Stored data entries
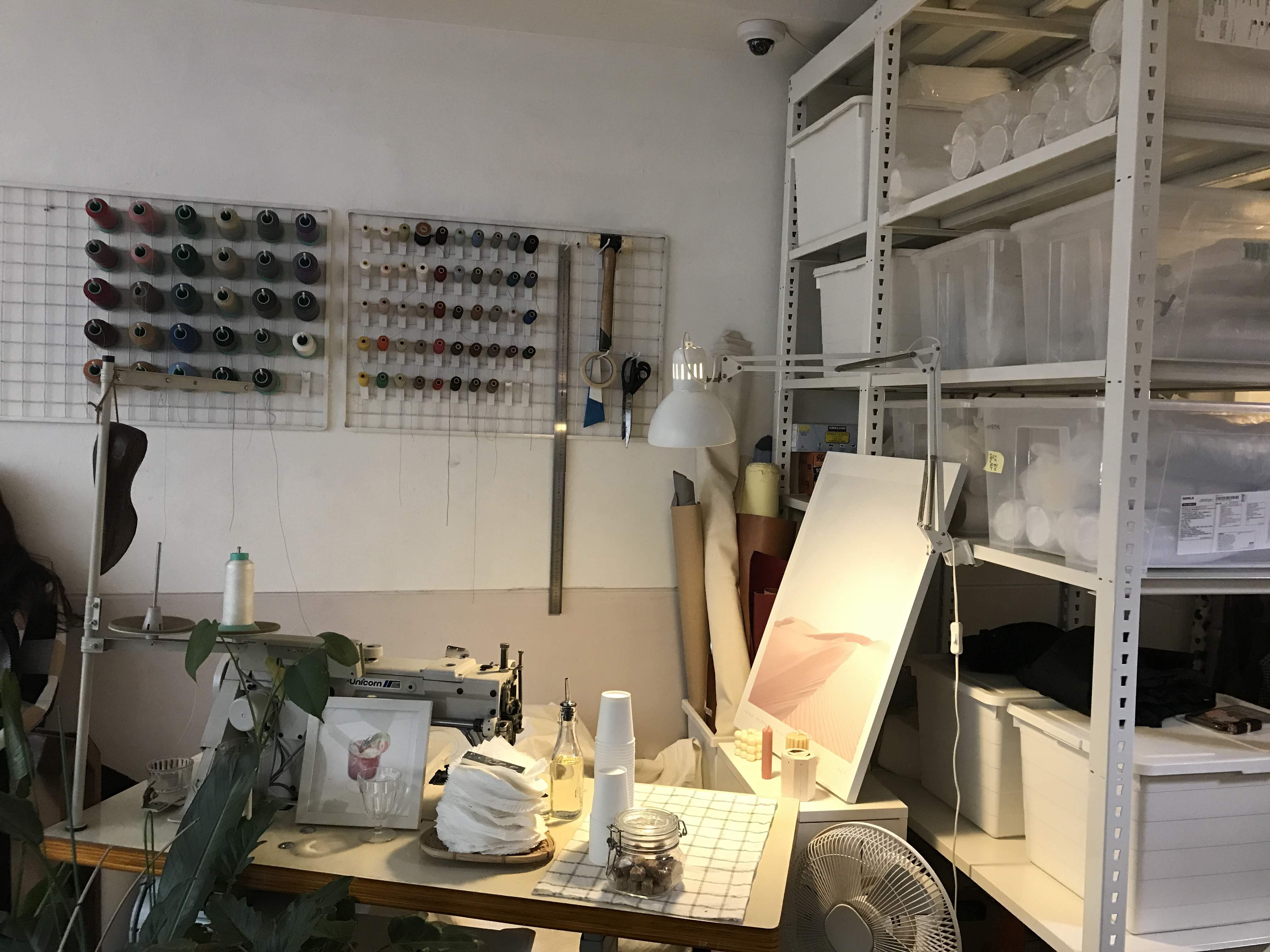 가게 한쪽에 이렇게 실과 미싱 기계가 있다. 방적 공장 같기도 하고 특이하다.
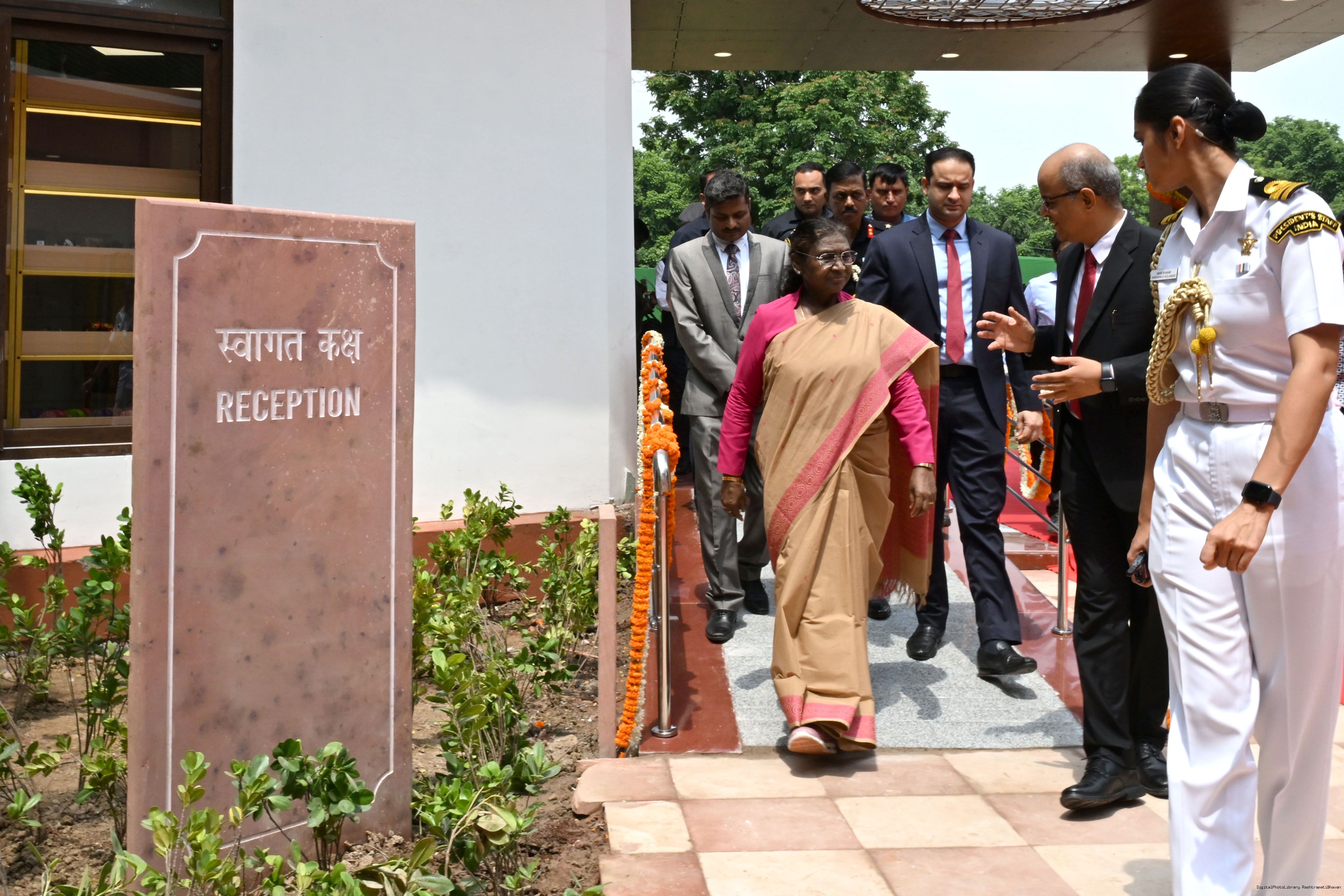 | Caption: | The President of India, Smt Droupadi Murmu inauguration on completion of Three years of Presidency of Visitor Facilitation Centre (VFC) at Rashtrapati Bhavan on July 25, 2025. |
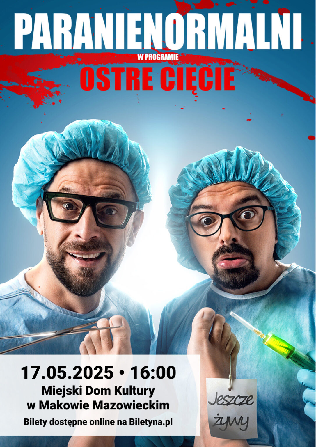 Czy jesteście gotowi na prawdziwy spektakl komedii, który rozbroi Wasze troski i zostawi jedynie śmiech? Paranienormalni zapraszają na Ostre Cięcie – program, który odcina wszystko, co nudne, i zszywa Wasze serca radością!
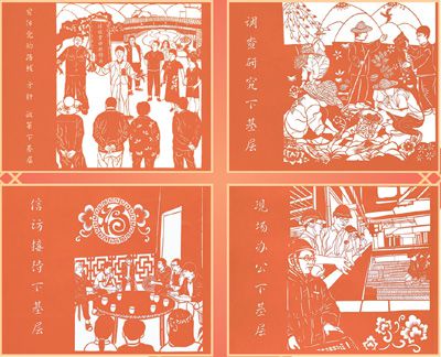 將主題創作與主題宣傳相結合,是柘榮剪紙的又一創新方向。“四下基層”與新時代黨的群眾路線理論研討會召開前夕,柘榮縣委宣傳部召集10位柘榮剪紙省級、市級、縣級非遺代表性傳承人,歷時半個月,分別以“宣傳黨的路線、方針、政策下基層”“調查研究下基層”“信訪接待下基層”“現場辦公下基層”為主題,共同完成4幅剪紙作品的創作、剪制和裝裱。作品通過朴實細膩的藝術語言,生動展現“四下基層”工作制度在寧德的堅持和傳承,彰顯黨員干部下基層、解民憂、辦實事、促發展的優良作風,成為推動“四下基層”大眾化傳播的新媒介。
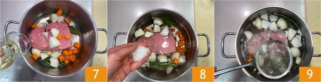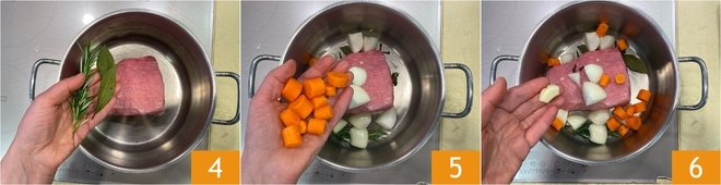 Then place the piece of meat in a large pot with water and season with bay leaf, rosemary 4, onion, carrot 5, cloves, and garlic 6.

◆ Instructions to follow
Output each record precisely as it appears, and drop every picture.

◆ Exercise output
 가게 한쪽에 이렇게 실과 미싱 기계가 있다. 방적 공장 같기도 하고 특이하다.
 | Caption: | The President of India, Smt Droupadi Murmu inauguration on completion of Three years of Presidency of Visitor Facilitation Centre (VFC) at Rashtrapati Bhavan on July 25, 2025. |
 Czy jesteście gotowi na prawdziwy spektakl komedii, który rozbroi Wasze troski i zostawi jedynie śmiech? Paranienormalni zapraszają na Ostre Cięcie – program, który odcina wszystko, co nudne, i zszywa Wasze serca radością!
 將主題創作與主題宣傳相結合,是柘榮剪紙的又一創新方向。“四下基層”與新時代黨的群眾路線理論研討會召開前夕,柘榮縣委宣傳部召集10位柘榮剪紙省級、市級、縣級非遺代表性傳承人,歷時半個月,分別以“宣傳黨的路線、方針、政策下基層”“調查研究下基層”“信訪接待下基層”“現場辦公下基層”為主題,共同完成4幅剪紙作品的創作、剪制和裝裱。作品通過朴實細膩的藝術語言,生動展現“四下基層”工作制度在寧德的堅持和傳承,彰顯黨員干部下基層、解民憂、辦實事、促發展的優良作風,成為推動“四下基層”大眾化傳播的新媒介。
 Then place the piece of meat in a large pot with water and season with bay leaf, rosemary 4, onion, carrot 5, cloves, and garlic 6.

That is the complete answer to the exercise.